Unlike system.file.readFileAsString
, system.file.writeFile
has no encoding option.
It appears that the behaviour is the same as readFileAsString
without any encoding option - it uses Java’s default charset, which is platform-specific. On some systems it’s always UTF-8, but on others it can change depending on the system or user locale settings.
On my Linux machine it uses UTF-8, but on the customer’s Windows machine it uses latin1. Transferring files between these systems leads to invalid encoding errors in one direction and double-encoding in the other.
You can manually encode a unicode string in python with .encode('utf8')
. However, the result is a str
object, so system.file.writeFile
still does the encoding.

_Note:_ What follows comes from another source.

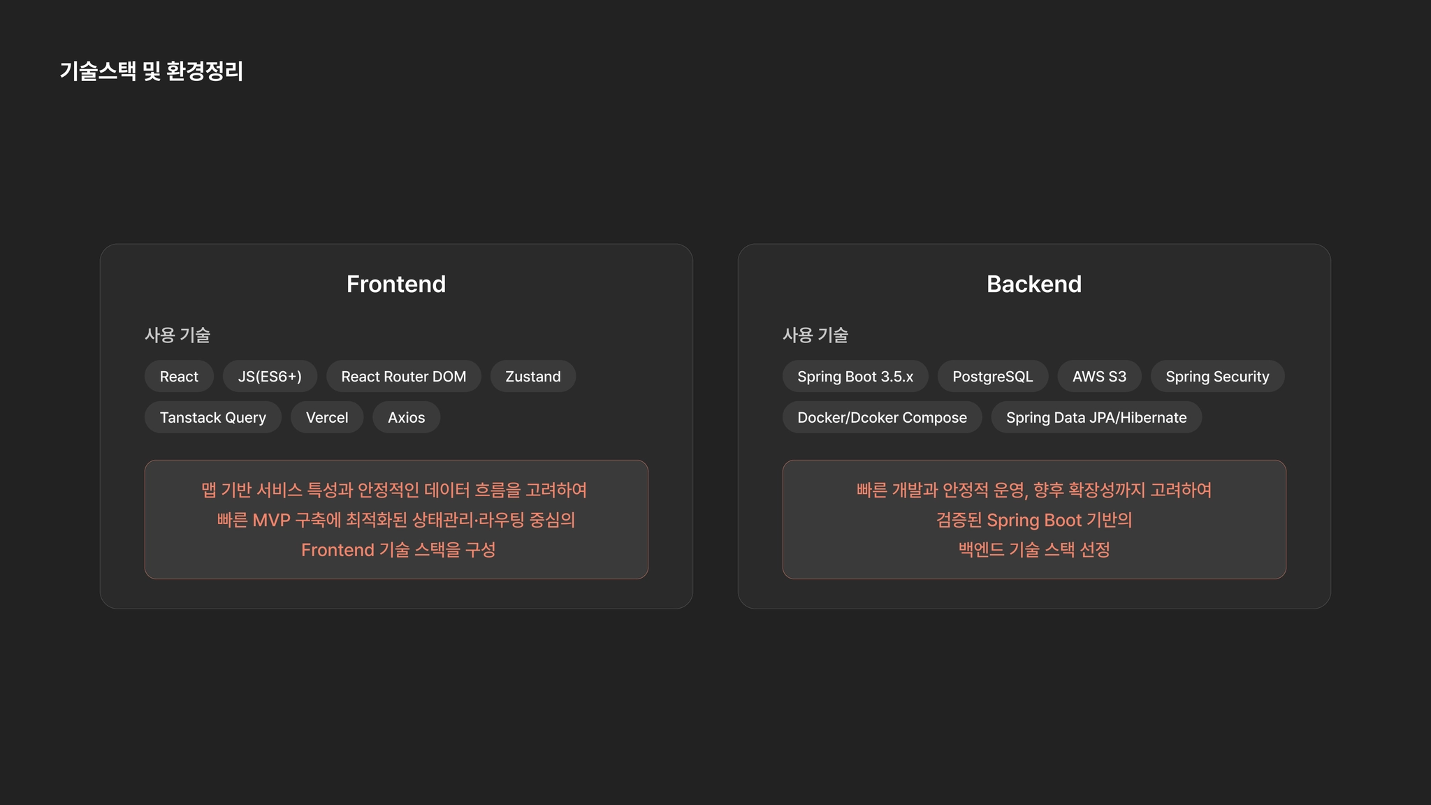 프레임워크 | Java 21, Spring Boot (3.5.x) | 스타터 기반으로 MVP 구현 속도가 매우 빠르고 운영까지 고려한 전체적인 생태계가 갖춰져 있어 추후 확장·관리 용이 |

In Linux, this results in a double-utf8-encoded string:
system.file.writeFile(path, output.encode('utf8'))
The only way to get system.file.writeFile
to not do the encoding is to give it an array of bytes rather than a string. Unfortunately, bytearray() is not available in Python 2.5. In 2.6 you could just do this:
system.file.writeFile(path, bytearray(output.encode('utf8')))
Otherwise you can use array
:
from array import array
system.file.writeFile(path, array('b', output.encode('utf8')))
Or write the file directly with Python:
from __future__ import with_statement
import codecs
with codecs.open(path, 'w', 'utf8') as file:
file.write(output)
But it would be really great if an encoding option could be added to system.file.writeFile
.